*** Block opens ***

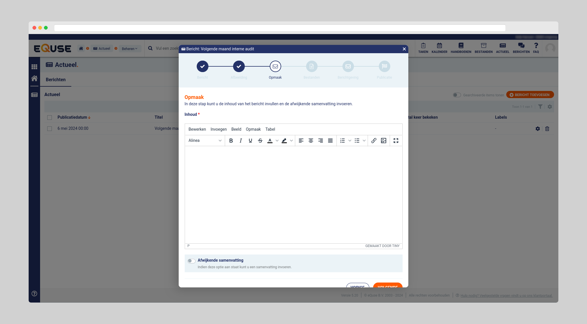 Nu bent u bij de stap “Opmaak”. Hierin verwerkt u de gewenste informatie die u graag wilt delen met de hele organisatie of een geselecteerde groep collega’s. Hier kunt u volledig uw eigen gang in gaan, er zijn opties zat! Als extra kunt u nog een “afwijkende samenvatting” toevoegen. Zoals de woorden al aangeven, dit kunt u gebruiken wanneer u een afwijkende samenvatting wilt toevoegen aan het bericht. De samenvatting is voor iedereen zichtbaar in het overzicht van de module “Actueel”.
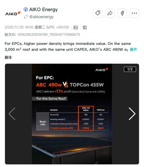 在海外市场,笼统的“技术领先”难以形成信任,真正能被理解和转述的,是清晰、可量化、可对比的数据表达。如爱旭科技(AIKO)在海外传播中,会以极为直观的数据方式呈现其技术优势:在相同组件面积、相同单位资本支出的前提下,其最新电池技术能够带来更高的发电量输出。
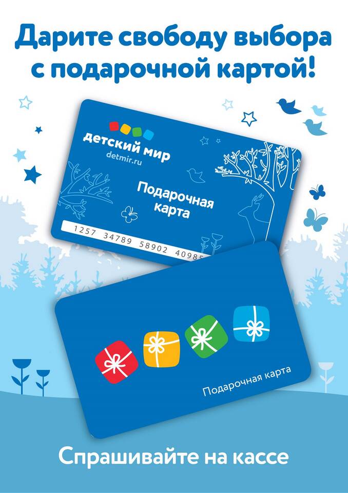Подарочные карты "Детский мир" выпускаются с фиксированным номиналом: 500, 1000, 2000, 3000, 5000 рублей. При проверке баланса отображается первоначальный номинал и текущий остаток средств.

*** Block closes ***

WHAT TO WORK ON
The full data, repeated exactly and stripped of its pictures, is the expected answer.

THE COMPLETED TASK
 Nu bent u bij de stap “Opmaak”. Hierin verwerkt u de gewenste informatie die u graag wilt delen met de hele organisatie of een geselecteerde groep collega’s. Hier kunt u volledig uw eigen gang in gaan, er zijn opties zat! Als extra kunt u nog een “afwijkende samenvatting” toevoegen. Zoals de woorden al aangeven, dit kunt u gebruiken wanneer u een afwijkende samenvatting wilt toevoegen aan het bericht. De samenvatting is voor iedereen zichtbaar in het overzicht van de module “Actueel”.
 在海外市场,笼统的“技术领先”难以形成信任,真正能被理解和转述的,是清晰、可量化、可对比的数据表达。如爱旭科技(AIKO)在海外传播中,会以极为直观的数据方式呈现其技术优势:在相同组件面积、相同单位资本支出的前提下,其最新电池技术能够带来更高的发电量输出。
Подарочные карты "Детский мир" выпускаются с фиксированным номиналом: 500, 1000, 2000, 3000, 5000 рублей. При проверке баланса отображается первоначальный номинал и текущий остаток средств.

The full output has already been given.